- _Work instruction_
Transcribe only the part of the material below that begins at the line containing "劳动是一首永恒的赞歌,不论职" and ends at the line containing "Gas fireplaceSpacious primary", with both kept and images left out.

--- Data supplied Enclosed Below ---

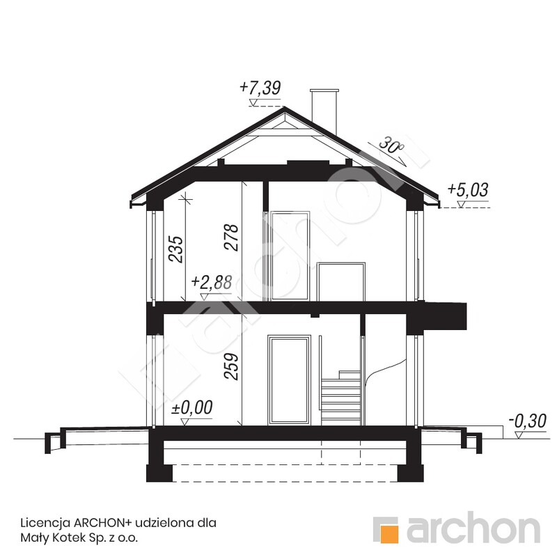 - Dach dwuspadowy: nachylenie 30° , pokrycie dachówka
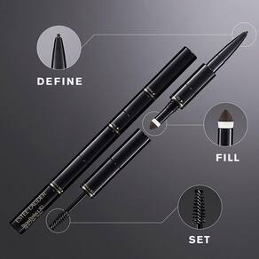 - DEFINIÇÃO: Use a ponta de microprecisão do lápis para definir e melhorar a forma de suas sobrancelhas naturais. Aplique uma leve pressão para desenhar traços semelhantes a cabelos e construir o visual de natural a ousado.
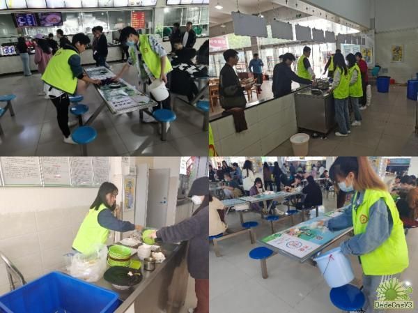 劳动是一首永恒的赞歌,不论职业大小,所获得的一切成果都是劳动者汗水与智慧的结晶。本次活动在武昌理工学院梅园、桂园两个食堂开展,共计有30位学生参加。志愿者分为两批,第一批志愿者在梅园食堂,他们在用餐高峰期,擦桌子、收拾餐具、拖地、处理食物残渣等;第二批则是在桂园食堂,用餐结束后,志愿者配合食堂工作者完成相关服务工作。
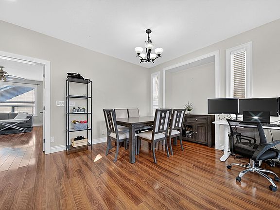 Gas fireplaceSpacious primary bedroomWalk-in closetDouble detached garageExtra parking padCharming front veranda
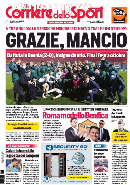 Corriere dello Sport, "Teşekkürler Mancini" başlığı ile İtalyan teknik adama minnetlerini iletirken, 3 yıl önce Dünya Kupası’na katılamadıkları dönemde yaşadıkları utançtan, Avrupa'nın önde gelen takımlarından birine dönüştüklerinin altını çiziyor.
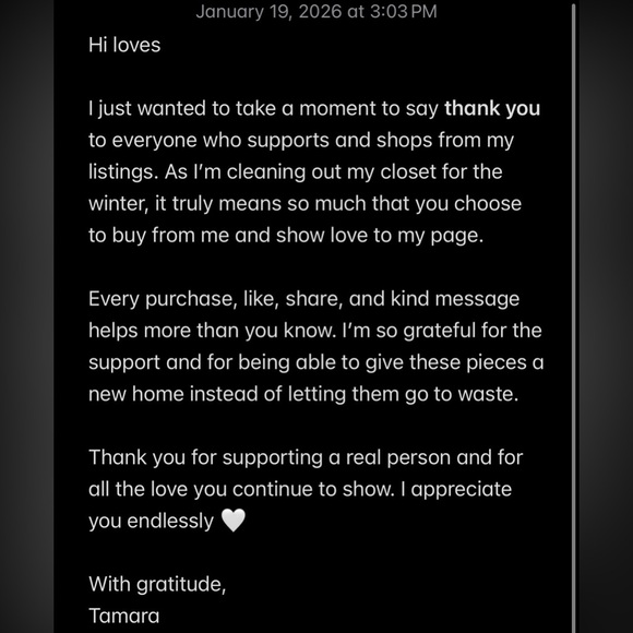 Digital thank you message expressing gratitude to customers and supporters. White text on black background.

--- End of Enclosed Data supplied ---
--- Data supplied Enclosed Below ---

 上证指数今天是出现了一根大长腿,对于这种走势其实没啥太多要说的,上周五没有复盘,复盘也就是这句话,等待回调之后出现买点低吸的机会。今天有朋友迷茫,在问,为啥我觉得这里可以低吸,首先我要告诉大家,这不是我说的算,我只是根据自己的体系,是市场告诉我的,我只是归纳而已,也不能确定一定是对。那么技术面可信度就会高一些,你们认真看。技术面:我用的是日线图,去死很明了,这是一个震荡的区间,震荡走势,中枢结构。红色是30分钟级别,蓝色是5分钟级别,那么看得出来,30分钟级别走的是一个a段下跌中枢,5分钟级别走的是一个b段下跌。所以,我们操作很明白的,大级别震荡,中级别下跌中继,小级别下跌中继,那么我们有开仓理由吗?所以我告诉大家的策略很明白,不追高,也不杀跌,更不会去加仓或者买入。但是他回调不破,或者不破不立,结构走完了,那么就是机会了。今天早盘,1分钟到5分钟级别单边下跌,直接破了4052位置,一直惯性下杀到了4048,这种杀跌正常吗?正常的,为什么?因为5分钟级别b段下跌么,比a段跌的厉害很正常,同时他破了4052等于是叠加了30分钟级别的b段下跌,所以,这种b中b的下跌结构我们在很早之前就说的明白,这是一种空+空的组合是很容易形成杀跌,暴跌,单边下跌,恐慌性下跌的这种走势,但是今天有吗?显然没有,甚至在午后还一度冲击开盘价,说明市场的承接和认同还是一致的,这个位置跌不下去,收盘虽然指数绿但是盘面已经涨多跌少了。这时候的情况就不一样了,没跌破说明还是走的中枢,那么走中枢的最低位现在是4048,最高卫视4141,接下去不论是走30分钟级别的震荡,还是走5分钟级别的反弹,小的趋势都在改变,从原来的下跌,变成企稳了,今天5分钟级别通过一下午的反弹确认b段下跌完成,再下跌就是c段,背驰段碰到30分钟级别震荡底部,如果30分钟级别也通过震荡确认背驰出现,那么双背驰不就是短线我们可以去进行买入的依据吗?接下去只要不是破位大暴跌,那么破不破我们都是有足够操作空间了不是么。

--- End of Enclosed Data supplied ---
--- Data supplied Enclosed Below ---

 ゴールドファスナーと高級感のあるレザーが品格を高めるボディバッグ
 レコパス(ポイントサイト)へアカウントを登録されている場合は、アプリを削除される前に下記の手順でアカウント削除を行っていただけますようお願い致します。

--- End of Enclosed Data supplied ---

- _Solution for this problem_
 劳动是一首永恒的赞歌,不论职业大小,所获得的一切成果都是劳动者汗水与智慧的结晶。本次活动在武昌理工学院梅园、桂园两个食堂开展,共计有30位学生参加。志愿者分为两批,第一批志愿者在梅园食堂,他们在用餐高峰期,擦桌子、收拾餐具、拖地、处理食物残渣等;第二批则是在桂园食堂,用餐结束后,志愿者配合食堂工作者完成相关服务工作。
 Gas fireplaceSpacious primary bedroomWalk-in closetDouble detached garageExtra parking padCharming front veranda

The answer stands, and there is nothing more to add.